» Information supplied:

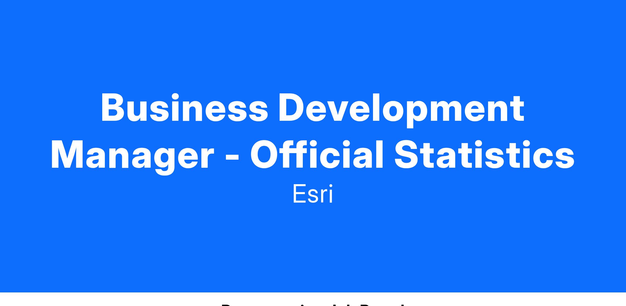At Esri, our business development managers collaborate with distributors to co-sell and promote the adoption of Esri technology. We invite you to utilize your enterprise sales and multi-channel software business development experience to provide geospatial software and solutions to the global community of census and official statistics organizations. You’ll work closely with Esri’s account teams, distributor network, and business partners to help customers optimize and expand adoption of Esri technology, identify new areas of growth, and deliver expertise that helps deliver on their mission and vision.
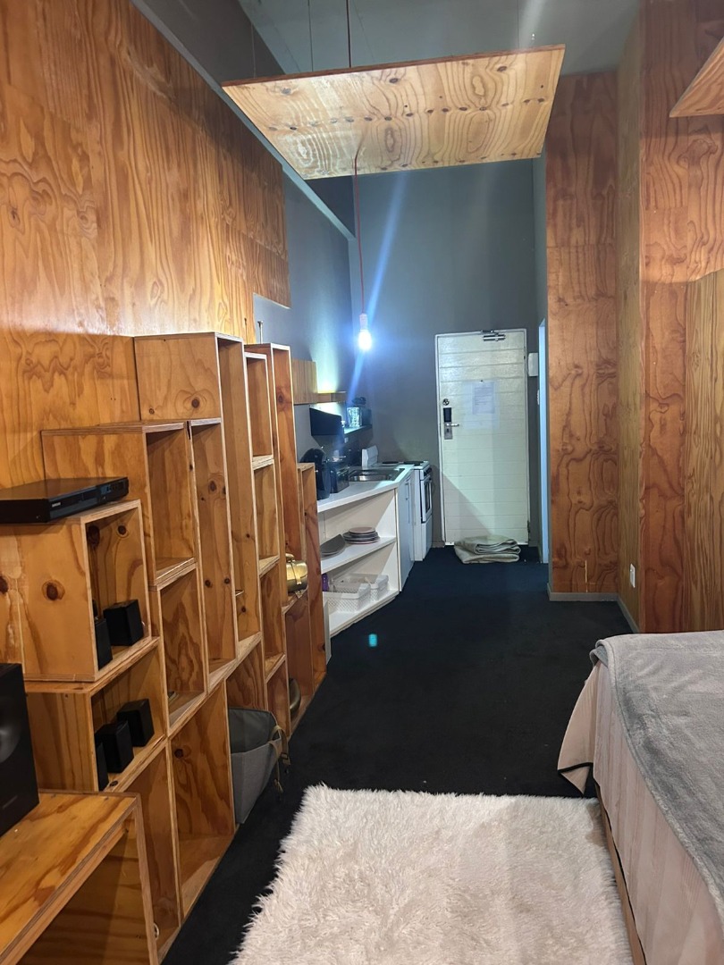 Discover an unparalleled urban sanctuary within the vibrant heart of Maboneng, Johannesburg. This exquisitely furnished 1-bedroom, 1-bathroom studio apartment redefines contemporary living with its distinctive design and thoughtful amenities. Step into a realm where high ceilings amplify space, complemented by bespoke light-wood plywood paneling and integrated shelving that offer both aesthetic appeal and practical storage solutions. The living area seamlessly transitions into a dedicated workspace, featuring a custom-built desk and a pre-installed TV mount, perfect for the discerning professional or creative.
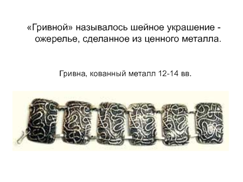 Слайд 10«Гривной» называлось шейное украшение - ожерелье, сделанное из ценного металла.

» What needs to be done: Using the material above, restate word for word the lines from the line that has "Discover an unparalleled" to the last line, inclusive, with pictures omitted.

» Solution below:
 Discover an unparalleled urban sanctuary within the vibrant heart of Maboneng, Johannesburg. This exquisitely furnished 1-bedroom, 1-bathroom studio apartment redefines contemporary living with its distinctive design and thoughtful amenities. Step into a realm where high ceilings amplify space, complemented by bespoke light-wood plywood paneling and integrated shelving that offer both aesthetic appeal and practical storage solutions. The living area seamlessly transitions into a dedicated workspace, featuring a custom-built desk and a pre-installed TV mount, perfect for the discerning professional or creative.
 Слайд 10«Гривной» называлось шейное украшение - ожерелье, сделанное из ценного металла.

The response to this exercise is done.